Hi Fangfei, is this something you can easily fix?
Kaipo, can you give advice about how to proceed here? Is there an existing alternative to calcSequenceMass that does take into account brackets, or should Fangfei write one?
Bill
On Tue, Jun 27, 2017 at 2:06 AM, Fangfei Zhang notifications@github.com wrote:
I checked that their fragment b/y ions are matched and correct. On my crux build the AVERAGE is still 922.895569, but both AVERAGE and MONO values are incorrect for bracketed mass. It's because the current app/PredictPeptideIons.cpp(line 116:117) calls Peptide::calcSequenceMass to calculate mass which cannot deal with brackets.
— You are receiving this because you are subscribed to this thread. Reply to this email directly, view it on GitHub https://github.com/crux-toolkit/crux-toolkit/issues/389#issuecomment-311215446, or mute the thread https://github.com/notifications/unsubscribe-auth/AFieqNGifl2Eo1afB9pf0sngc_nenmBxks5sIEeUgaJpZM4N1Gl1 .

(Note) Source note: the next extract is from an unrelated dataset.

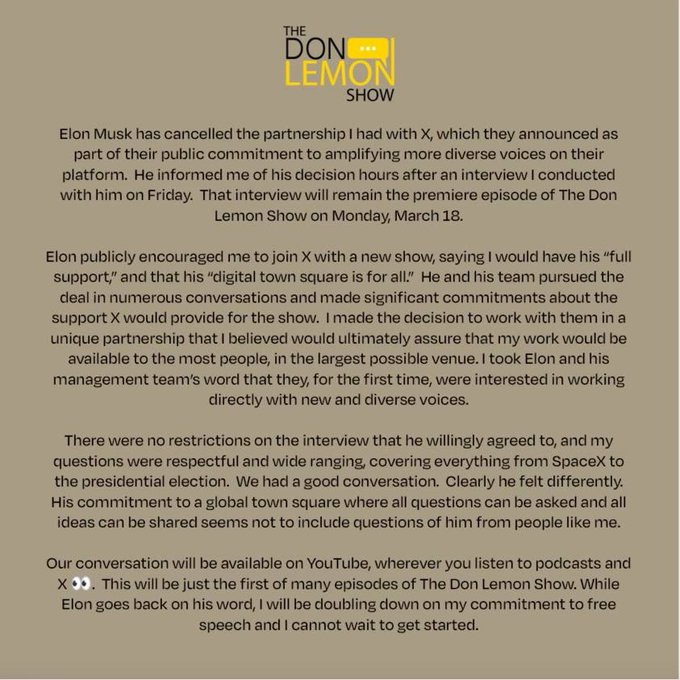After Don Lemon conducted his interview with Musk, Twitter (X) pulled the plug in supporting Lemon.

I actually just recently added a method that I think will work here, it is defined at src/model/Modification.cpp with the signature void Modification::FromSeq(const string& seq, string* outSeq, vector<Modification>* outMods)
. It takes a sequence as a string and returns the unmodified sequence and a vector of the modifications.
for example:
string unmodifiedSequence;
vector<Modification> mods;
Modification::FromSeq(peptide_sequence, &unmodifiedSequence, &mods);
Then we can call Peptide::calcSequenceMass
on the unmodified sequence, and loop over the vector of modifications and sum the masses and add it, something like this:
FLOAT_T averageMass = Crux::Peptide::calcSequenceMass(unmodifiedSequence, AVERAGE);
FLOAT_T monoMass = Crux::Peptide::calcSequenceMass(unmodifiedSequence, MONO);
for (vector<Modification>::const_iterator i = mods.begin(); i != mods.end(); i++) {
averageMass += i->DeltaMass();
monoMass += i->DeltaMass();
}
It would be nice if the user could specify modifications (in brackets) when the peptide is specified on the command line.
Kaipo, can you comment on how difficult this would be to do?